Samples recorded bone dry without any baked in ambience so can be custommed to blend into any mix
Complete control over dynamics of sustained samples with key velocity, cc or even a combination of the two!
"Note Head" feature for adding shorts/spiccato to sustained articulations controllable by key velocity or cc.
Highly programable legato/vibrato
Vast selection of articulations
Two ambience/reverb/initial reflection/room engines per instrument
Mute articulations for solo brass
Fully customisable mapping of key triggering
Awe inspiring solo instruments! Best I've ever heard!


----------



## bill5

Zhao Shen said:


> The new guide is live! Well, it's basically the same but with some updates since it was 2 years old. Here's hoping all the theoretical planning for how much better a GitHub site would be actually translates! Please let me know if you guys run into any issues.
> 
> 
> 
> 
> 
> 
> A Basic Guide to Orchestral Sample Libraries · A Basic Guide to Orchestral VSTs
> 
> 
> A Basic Guide to Orchestral Sample Libraries Author: StormSound Last updated/Changes made: Information for all updates is available in the GitHub r...
> 
> 
> 
> 
> stormsoundmusic.github.io


The effort here is appreciated (and great UI esp for something on Github!), but there are way too many major players missing from the list. As darthdeus said, you should include those you don't recommend so people know why they aren't recommended...otherwise, they just assume you didn't try them out. And those you haven't tried out, list them too. Beginners want to know what's out there and why they should or shouldn't consider.


----------



## Zhao Shen

bill5 said:


> The effort here is appreciated (and great UI esp for something on Github!), but there are way too many major players missing from the list. As darthdeus said, you should include those you don't recommend so people know why they aren't recommended...otherwise, they just assume you didn't try them out. And those you haven't tried out, list them too. Beginners want to know what's out there and why they should or shouldn't consider.

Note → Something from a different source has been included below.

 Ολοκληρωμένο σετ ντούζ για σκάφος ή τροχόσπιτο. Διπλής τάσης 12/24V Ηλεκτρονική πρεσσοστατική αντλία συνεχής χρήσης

That's very fair, but I've been busy and haven't had the time to add a ton to the guide. Maybe I can keep that in mind the next time I get a chance to work on it.


----------



## Reznov981

This is super helpful for me, as right now I'm trying to find the right orchestral suite. Would love anyone's thoughts and recommendations/warnings. I have Spitfire's BBC Discover and I want to take my sounds to the next level, with a bit of money put into it. I was looking at upgrading to the BBC pro or even Sonuscore's The Orchestra Complete 2. Thoughts? Thanks guys and OP! Great list!


----------



## doctoremmet

Reznov981 said:


> Sonuscore's The Orchestra Complete 2.


Great concept, but hardly comparable to BBCSO Core or Pro. If I were you (and you seem to like Discover) I would wait for a sale on BBCSO Core and see what that brings you. Work with that a while and then decide whether you think you need the extras that Pro offers (in terms of extra instruments and microphones). Maybe at that point you feel you want to diversify towards other types of libraries (more textural ones, ones that offer different types of instruments, more electronic or epic sounding ones - who knows).

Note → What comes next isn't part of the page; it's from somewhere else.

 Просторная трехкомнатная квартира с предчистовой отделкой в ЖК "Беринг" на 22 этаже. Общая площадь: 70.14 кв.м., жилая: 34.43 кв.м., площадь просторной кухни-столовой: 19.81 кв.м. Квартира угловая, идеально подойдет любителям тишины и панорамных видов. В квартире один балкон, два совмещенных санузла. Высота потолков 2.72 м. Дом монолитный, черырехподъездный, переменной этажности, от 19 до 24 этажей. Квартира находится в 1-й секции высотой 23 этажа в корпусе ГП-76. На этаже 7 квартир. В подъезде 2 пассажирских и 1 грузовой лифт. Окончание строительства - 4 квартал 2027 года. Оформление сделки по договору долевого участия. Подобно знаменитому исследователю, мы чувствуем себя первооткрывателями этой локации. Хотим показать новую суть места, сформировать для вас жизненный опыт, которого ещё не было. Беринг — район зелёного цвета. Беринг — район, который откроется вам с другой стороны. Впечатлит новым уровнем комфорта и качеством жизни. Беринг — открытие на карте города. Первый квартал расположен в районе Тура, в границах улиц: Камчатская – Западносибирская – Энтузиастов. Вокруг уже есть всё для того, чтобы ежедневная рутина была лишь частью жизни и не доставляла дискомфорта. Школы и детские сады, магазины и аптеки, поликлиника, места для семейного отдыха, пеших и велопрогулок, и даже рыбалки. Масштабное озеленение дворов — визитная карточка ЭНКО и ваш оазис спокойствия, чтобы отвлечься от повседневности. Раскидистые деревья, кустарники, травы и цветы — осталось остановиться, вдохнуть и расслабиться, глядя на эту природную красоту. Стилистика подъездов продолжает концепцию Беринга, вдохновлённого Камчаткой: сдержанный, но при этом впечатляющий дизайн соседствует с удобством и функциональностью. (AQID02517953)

The Orchestra Complete 2 is great. But it is geared towards achieving different goals than BBCSO Pro. So a choice between those two is a difficult one to grasp.


----------



## mybadmemory

Reznov981 said:


> This is super helpful for me, as right now I'm trying to find the right orchestral suite. Would love anyone's thoughts and recommendations/warnings. I have Spitfire's BBC Discover and I want to take my sounds to the next level, with a bit of money put into it. I was looking at upgrading to the BBC pro or even Sonuscore's The Orchestra Complete 2. Thoughts? Thanks guys and OP! Great list!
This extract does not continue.